Hello everyone. Don't know why I'm posting this really, I think I'm just looking for reassurance that what I'm feeling is at least relatively normal and will eventually go away.
I've got a beautiful 2 week old daughter. She's not a "difficult" baby particularly (in my very limited experience) - she's got a lovely generally contented disposition, she cries but not endlessly, she loves cuddles and seems easily soothed most of the time. Evenings are challenging because she's v. wakeful and fractious - won't sleep but too restless to be happily awake either, and this is when she'll be most tearful and often quite distressed. But from what I've read, that isn't particularly out of the ordinary.
My problem is that I just feel very overwhelmed by everything to do with learning how to be a mum. I feel this enormous weight of responsibility for this new little person I've brought into the world. I'm worried all the time about whether I'm making the right decisions. I'm formula feeding (I had a breast reduction 2 years ago, I know BF is possible afterwards, but I was worried about milk supply and I've got long-standing issues with my breasts anyway) and I'm berating myself about not having at least tried breastfeeding and whether she'll get ill because of me.
I've also started to use a dummy to help settle her when she's tired but still restless - she'll root away for ages, even after a feed, and will grizzle and cry lots when she can't find something to put in her mouth.

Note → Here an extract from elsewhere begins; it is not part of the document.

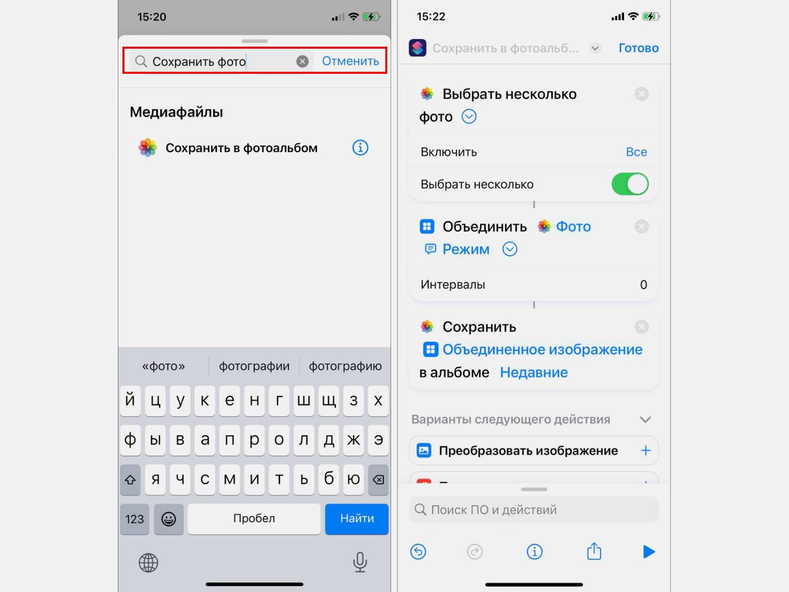 Далее снова введите в поисковую строку «Сохранить в фото». В списке появится действие «Сохранить в фотоальбом» — выберите его. В итоге у вас должна получиться такая команда.

I've tried feeding her in case she's still hungry but she's not. I did a lot of reading on how a dummy can be really helpful for exactly these situations, so long as used carefully and not as an automatic response, but I never thought I'd use a dummy. I feel I'm taking the easy way out, that I should be reading her needs better and finding some other way of meeting them.
Basically, in lots of ways I feel I'm letting my daughter down and I'm not meeting my own expectations of how I would be as a mum. I feel anxious a lot, and quite depressed especially in the evenings. In the mornings I feel really positive - today I took B (my daughter) on our first proper outing in the car to the supermarket, and it went fine, and I was really proud of myself afterwards. But as the day draws on I get more and more worried about what the evening will bring and how I'll cope. And this weekend my husband is going away for 3 days on a stag do (unavoidable, it's his brother's) and I don't know how I'll cope for all that time on my own.
I feel like I don't want to bang on about this to anyone RL (apart from my husband, who has tried to reassure me but I feel like he's just placating the nutter) because I don't want people worrying about me, and I'm a bit embarassed to be honest - I've heard of babies that never seem to sleep, that are always crying - I've been lucky by comparison so part of me feels like I'm being extra rubbish by feeling like this.
I just want this weird time to pass - I still feel very fumbling and inadequate, like I don't really know what I'm doing. It still takes me fricking ages to put a sleep suit on because I'm scared I'll break her fingers. I want to feel more confident and less on edge all the time. I don't think I'm seriously depressed but I am very emotionally raw and seem to spend a lot of time bawling my eyes out.
I dunno what I'm asking really. Just if anyone else has ever felt like this, and how you got through it - was it just time, or was there some kind of watershed moment?